The first step in biomarker development is to identify candidates. To this end, we performed a comprehensive proteomics study of glial cells, which pooled glial primary cells (Control: 5 and Grade 4: 5) were used. Next step is to validate the glial marker candidates in primary glial cells and tissues (Control: 10 and 10, Grade 2: 10 and 10, Grade 3: 12 and 10, and Grade 4: 15 and 10) (Fig. 1 and Additional file 1: Table S1). Briefly, in the first stage, we profiled the human glial proteome to obtain a pool of biomarker candidates, in which TMT-labeled quantitation method was performed to compare the abundance of proteins between control and cancer. Then, we stratified biomarker candidates by small scale MRM analysis, which was used as the initial selection tool in our systematic proteomic pipeline. In the second stage, a large-scale MRM analysis of targeted peptides was performed in individual glial cells and tissues using the corresponding heavy peptide mixtures as an internal standard. Finally, to develop a multiplex assay, a multimarker panel was established, based on candidate variables in individual primary cells.

Fig. 1figure 1

Schematic describing the Glioma primary cell biomarker Study workflow. Sample preparation A: surgically-removed tissue samples were enzymatically dissociated to single cells and cultured. Control pooled primary cells and grade 4 glioma pooled primary cells were lysed, digested, and labeled with TMT reagent 126 and 130, respectively. TMT-labeled control and grade 4 glioma peptides were mixed and subjected to HPLC fractionation. Candidate screening B: Fractionations obtained (n = 12) were subjected to LC–MS/MS, and the acquired data were analyzed via Proteome Discoverer to obtain differentially expressed proteins in glioma primary cells. Ingenuity pathway analysis (IPA) were performed to further understand the biological significance of the differentially expressed proteins. Validation C: MRM assays for the differentially expressed proteins were developed using synthetic peptides for each protein

Identification of protein in glial primary cell

To obtain an in-depth proteome in glial primary cell, we implemented the TMT labeling method combined with LC-based mid pH peptide fractionation. Our proteome analysis was performed based on the high-resolution mass spectrometry and a multiple-database search strategy including SEQUEST and X! Tandem. In this study, a total of 7,429 protein groups were identified at a minimum confidence level > 95%, more than 2 unique peptides, and FDR < 5% (Additional file 1: Table S2).
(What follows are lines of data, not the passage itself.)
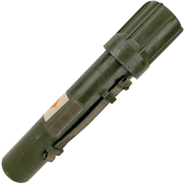 The humble mortar as overlooked yet potent as they may be - are nothing without being fed! The British Army use these tubes to transport their 81mm mortar rounds around the battlefield safely. Built with a very robust thick plastic, they also remain lightweight (bar their intended contents) to help lug them around. The lid screws off in one twist and has rubber O-rings within to remain watertight. The bottom of the inside has slots intended for the tail fins of a round to sit firmly in place without wobble.
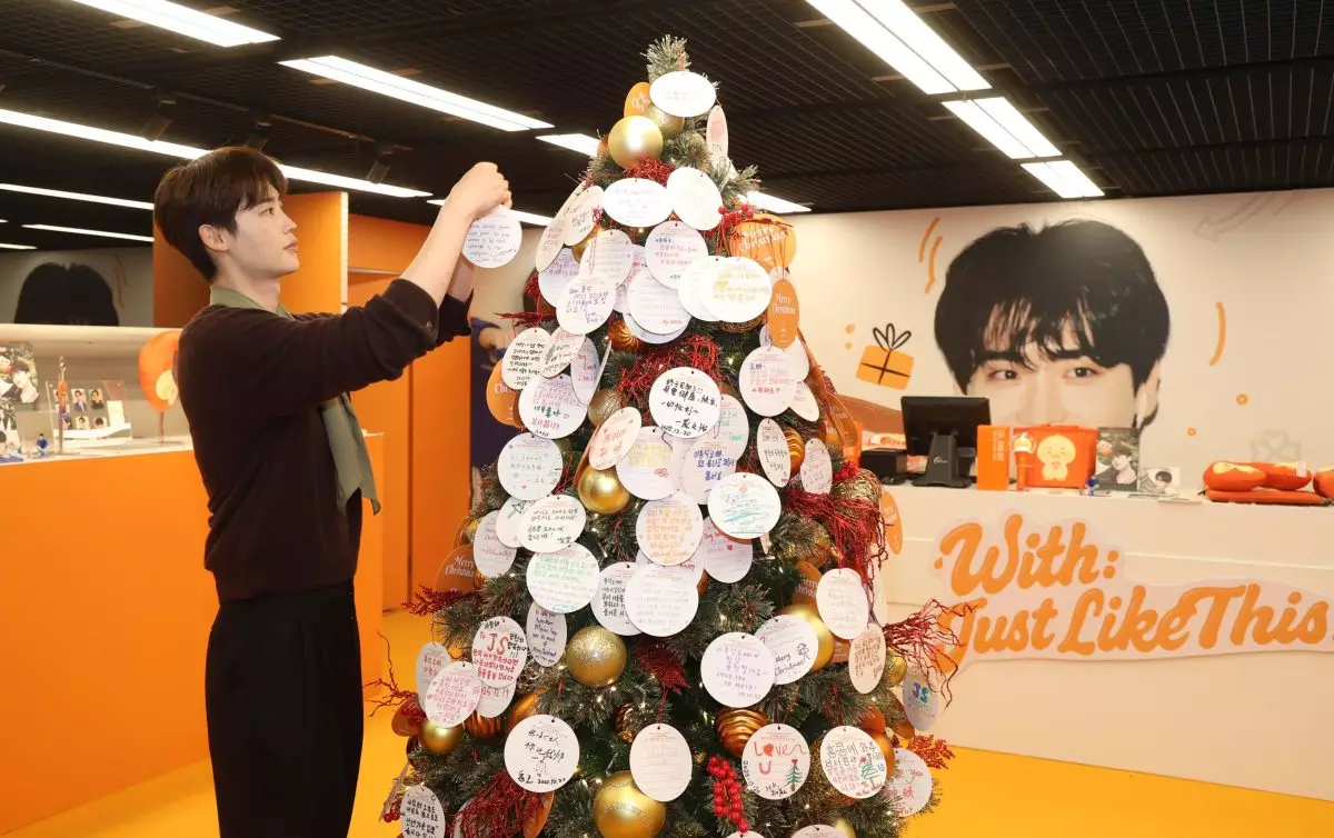 李鍾碩親手為聖誕樹掛上祝福語。主辦單位提供圖片
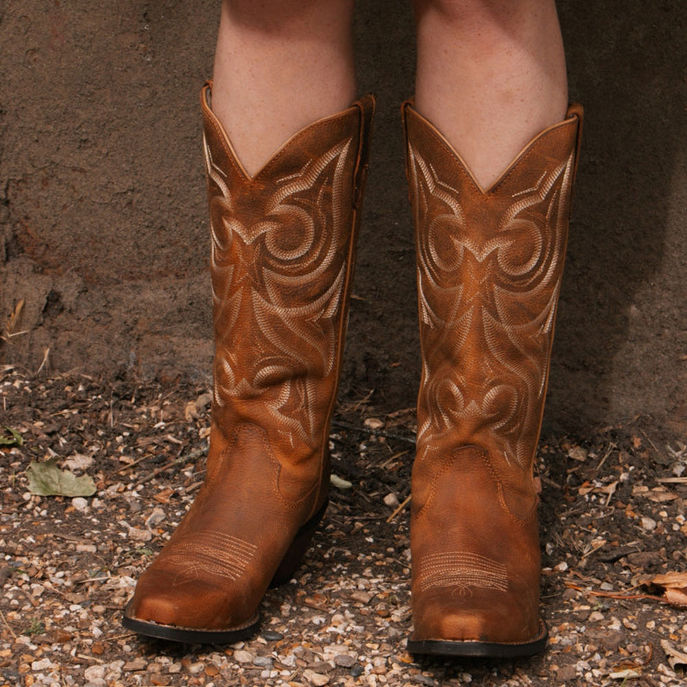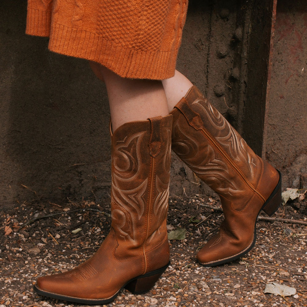 Brown Chunky Heel Embroidered Snip Toe Cowgirl Mid-Calf Boots

To determine the functions of the proteins in our glial proteome, we used Gene Ontology (GO) to classify them by biological process (BP), molecular function (MF), and cellular component (CC).

Our glial proteome was significantly enriched in proteins that participate in ‘cellular process (38.6%), ‘biological regulation’ (29.4%), and ‘metabolic process’ (25.8%). Regarding molecular function, the proteome was significantly enriched in proteins that mediate ‘binding’ (34.4%), ‘catalytic activity’ (17.7%), and ‘enzyme regulator activity’ (3.3%). GO analysis of cellular components was significantly enriched in proteins associated with ‘intracellular organelle’ (37.2%), ‘cytoplasm’ (35.7%), and ‘membrane’ (21.8%) (Additional file 2: Fig. S2).

Differential expression of proteins in control and glioma cell

For the differential proteome in control and cancer cells, three technical replicates were performed, and the labeled TMT quantitation method was used to compare protein expression under different conditions.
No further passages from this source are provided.